◆ WORKING DATA
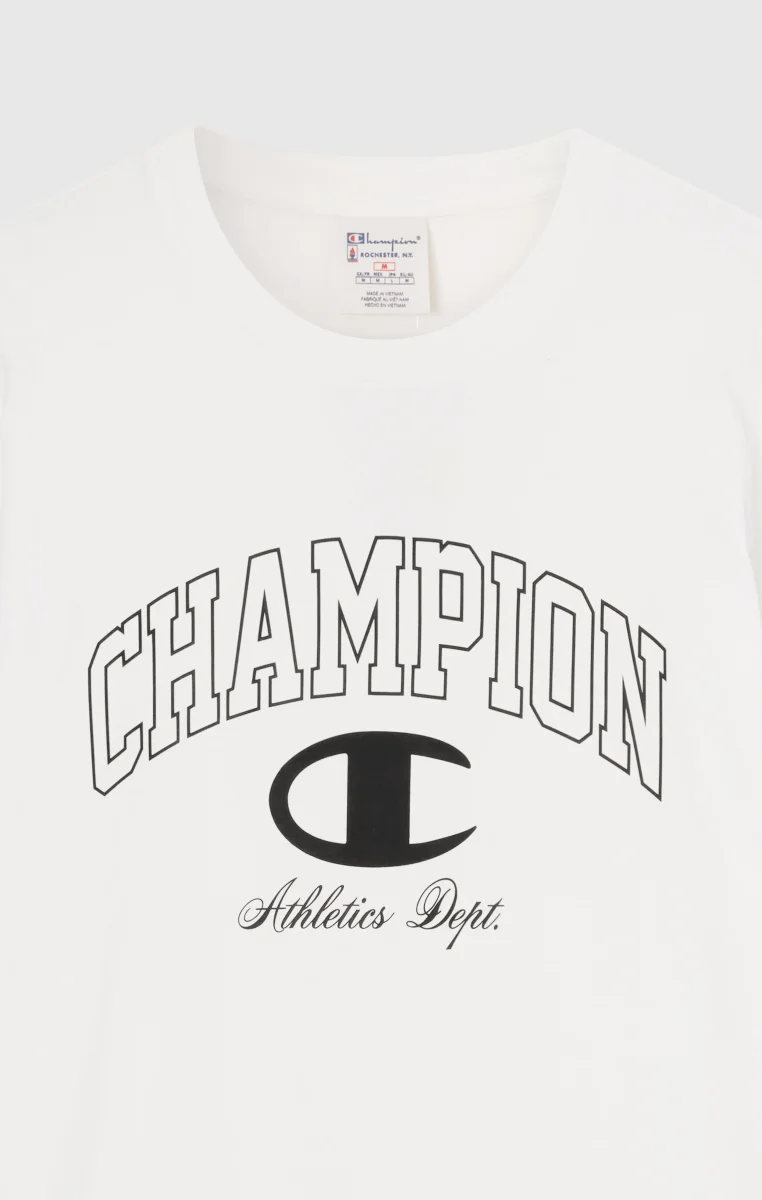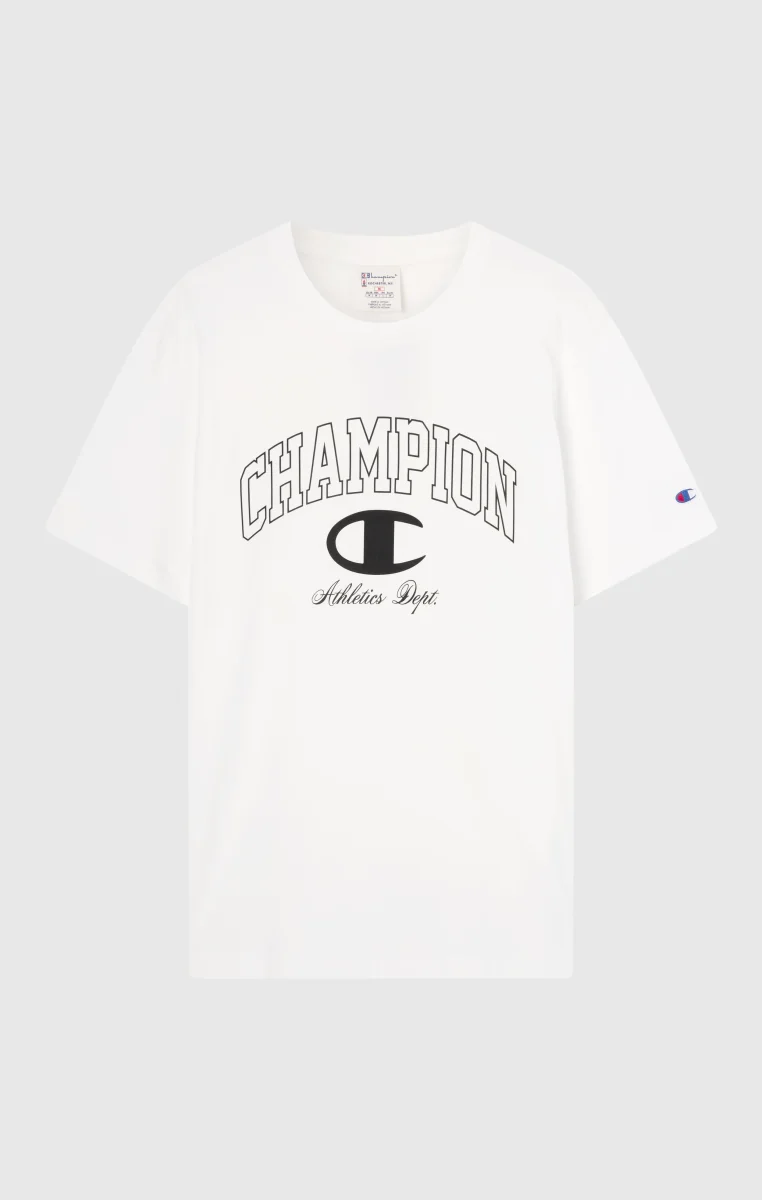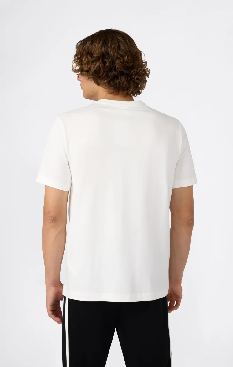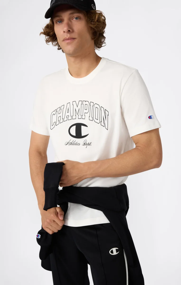 Soft lines and college-style graphics define this crewneck T-shirt, made from compact combed cotton jersey. Its comfortable fit makes it perfect for a relaxed street look, enhanced by the large front logo inspired by American varsity style with a modern twist.@@@Fabric: Compact combed cotton jersey, weight: 200 g/m² |Composition: 100% Cotton |College-style front graphic |Ribbed collar |Fit: Relax Fit – Relaxed and comfortable fit, slightly roomy at the chest, dropped shoulder, regular length.
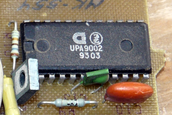 Схема приемника дистанционного управления телевизором. Микросхема подобна массовой КР1506ХЛ2, однако не является её копией. Она явно проще, управляется одной кнопкой.
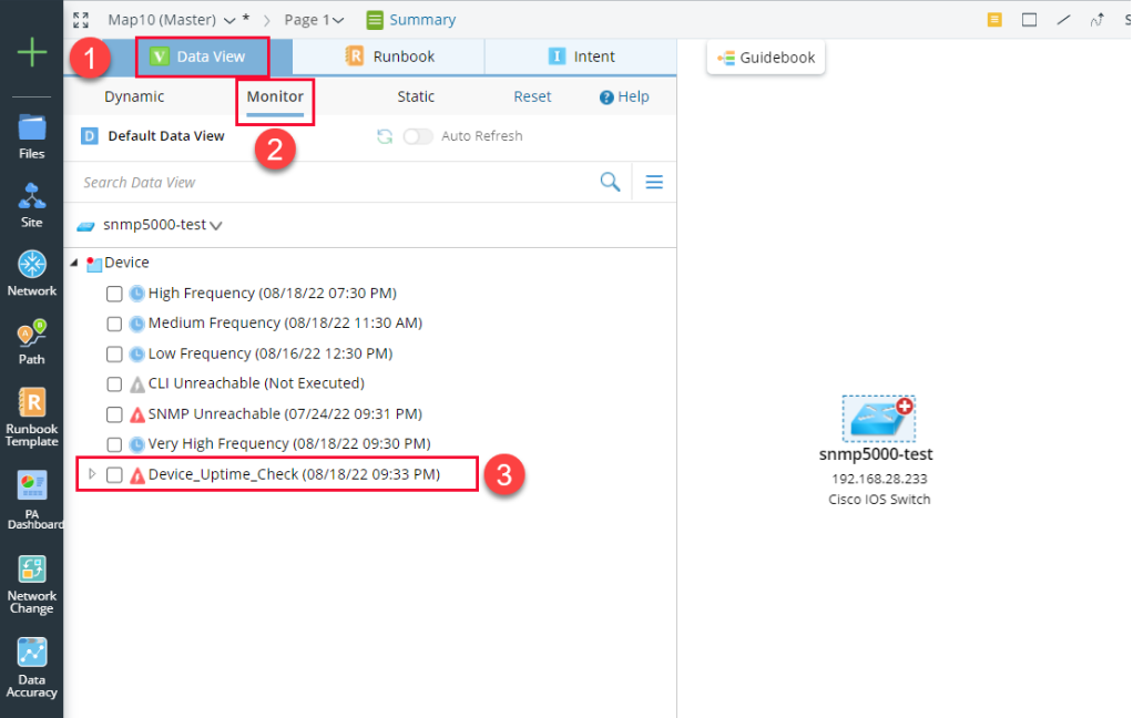 To capture device-level anomalies, such as CPU high, device config change, and BGP neighbor flapping, select Device Level.
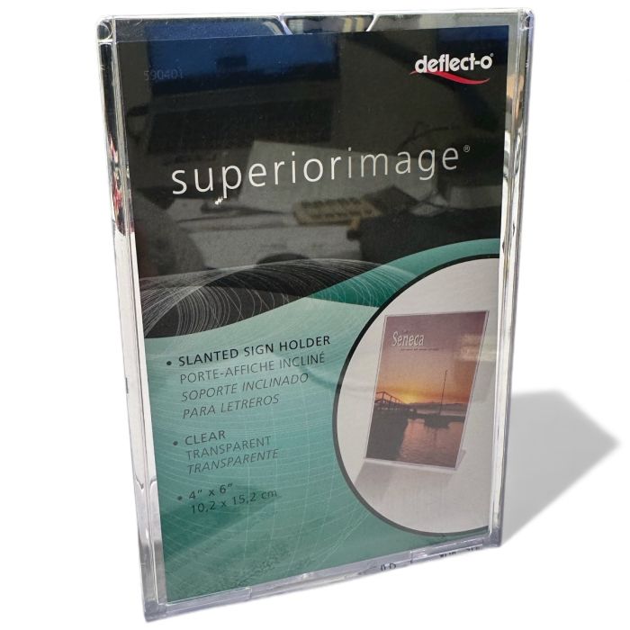 Sign holder, A6 tall, angled, acrylic, 10 x 15 cm
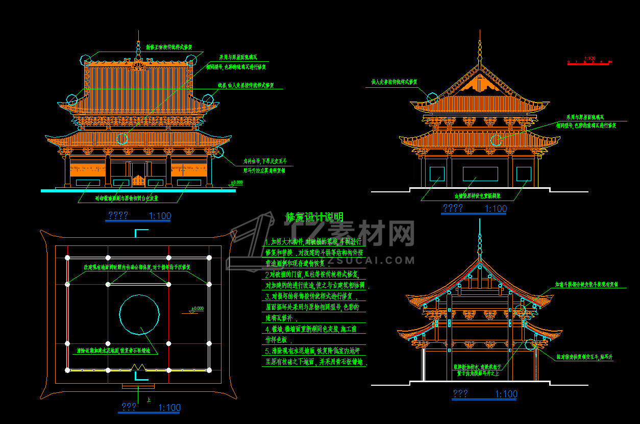 CAD古建筑施工图纸
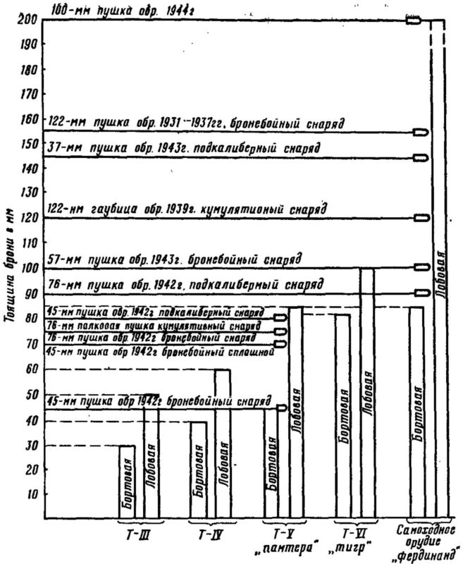 Рис. 9. Толщина брони основных типов немецких танков и броне-пробиваемость снарядов орудий советской артиллерии, состоящих на вооружении в 1943 г. (при угле встречи 90° и дальности стрельбы 600 м).
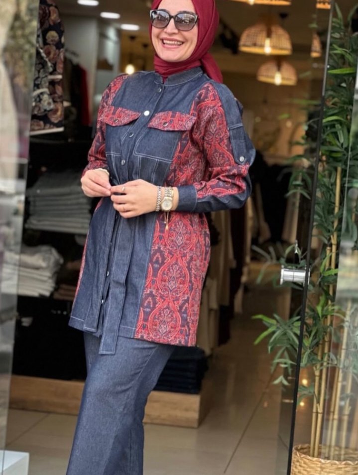 Bordo Batik Desenli Uzun Kot takım
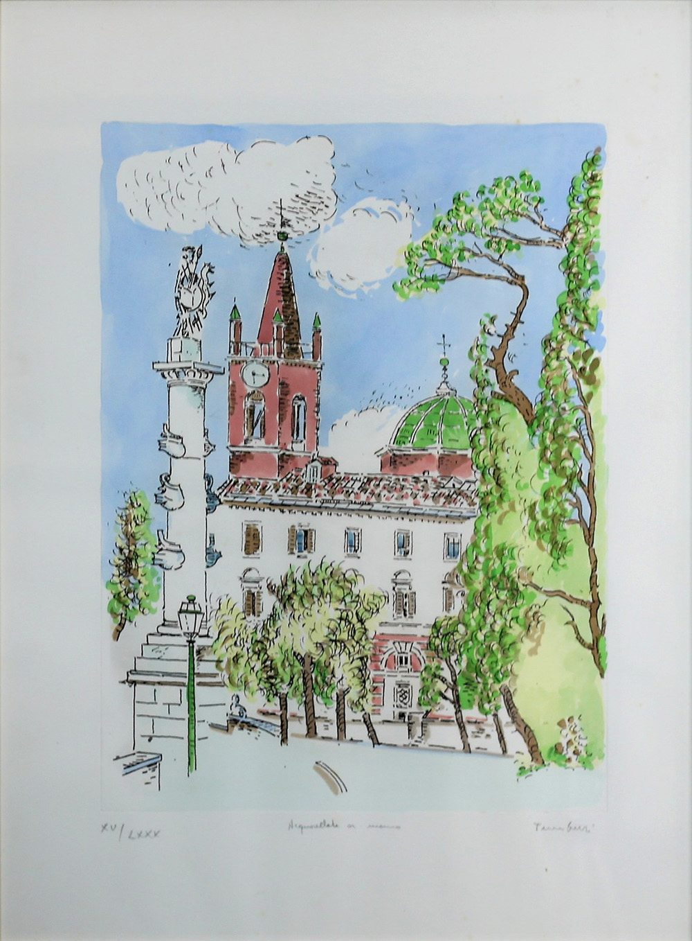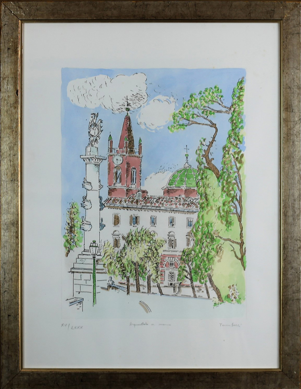 TAMBURI ORFEO (JESI 1910 PARIGI 1994), Cattedrale, Litografia acquarellata a mano Anni 80 Dim. 75x55 Esemplare XV/LXXX Tiratura in basso a sx Scritta "Acquarellata a mano" in basso al centro Firmato in basso a dx
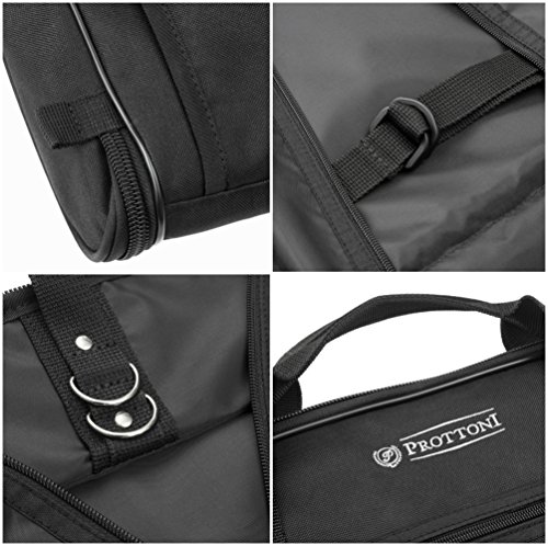 -. Brand : Prottoni -. Color : Black -. Department : mens -. EAN : 0683203897235 -. Feature : BUILT-IN HOOK for easier handling and loading of garments. Now you can hang your suit bag wherever you are without the need of unloading it. / DURABLE POLYESTER with PVC lining and high quality metal zippers ensure that your clothes will securely get to your destination. / HEAVY DUTY shoulder strap with YKK SnapHooks and reinforced metal clips allow you to take everything you need without worrying. / TWO INTERIOR METAL RINGS that fit up to 6 hangers make our garment bag easy to use. / FOUR OUTSIDE POCKETS let you fit everything you need in our travel garment bag - ABOVE ALL PROTTONI ENSURES THE HIGHEST QUALITY due to our control of the whole production process from fabric sourcing to manufacturing in Europe. -. ProductGroup : Apparel -. ProductTypeName : LAGE -. Size : One Size -. Title : Prottoni 44" Premium Garment Bag - Built-in Hook - Shoulder Strap - Suit Bag with YKK Elements -. UPC : 683203897235
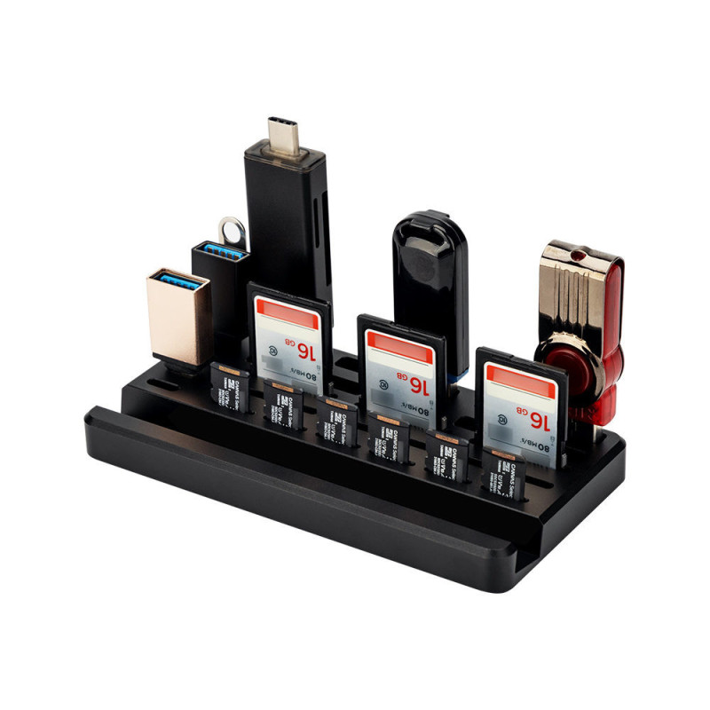 JJC UMS M1 Juodas Stalo Organizatorius yra aliuminio laikiklis, skirtas saugoti išmanųjį telefoną ir įvairias atminties korteles bei USB atmintines. Jame telpa 6 SD kortelės, 6 Micro SD kortelės, 10 USB A atmintinių ir 4 USB C atmintinės.

◆ WORK TO BE COMPLETED
Make an exact copy of the lines from the top of the material through the line with "Bordo Batik Desenli Uzun Kot takım", pictures excluded.

◆ FINISHED TASK
 Soft lines and college-style graphics define this crewneck T-shirt, made from compact combed cotton jersey. Its comfortable fit makes it perfect for a relaxed street look, enhanced by the large front logo inspired by American varsity style with a modern twist.@@@Fabric: Compact combed cotton jersey, weight: 200 g/m² |Composition: 100% Cotton |College-style front graphic |Ribbed collar |Fit: Relax Fit – Relaxed and comfortable fit, slightly roomy at the chest, dropped shoulder, regular length.
 Схема приемника дистанционного управления телевизором. Микросхема подобна массовой КР1506ХЛ2, однако не является её копией. Она явно проще, управляется одной кнопкой.
 To capture device-level anomalies, such as CPU high, device config change, and BGP neighbor flapping, select Device Level.
 Sign holder, A6 tall, angled, acrylic, 10 x 15 cm
 CAD古建筑施工图纸
 Рис. 9. Толщина брони основных типов немецких танков и броне-пробиваемость снарядов орудий советской артиллерии, состоящих на вооружении в 1943 г. (при угле встречи 90° и дальности стрельбы 600 м).
 Bordo Batik Desenli Uzun Kot takım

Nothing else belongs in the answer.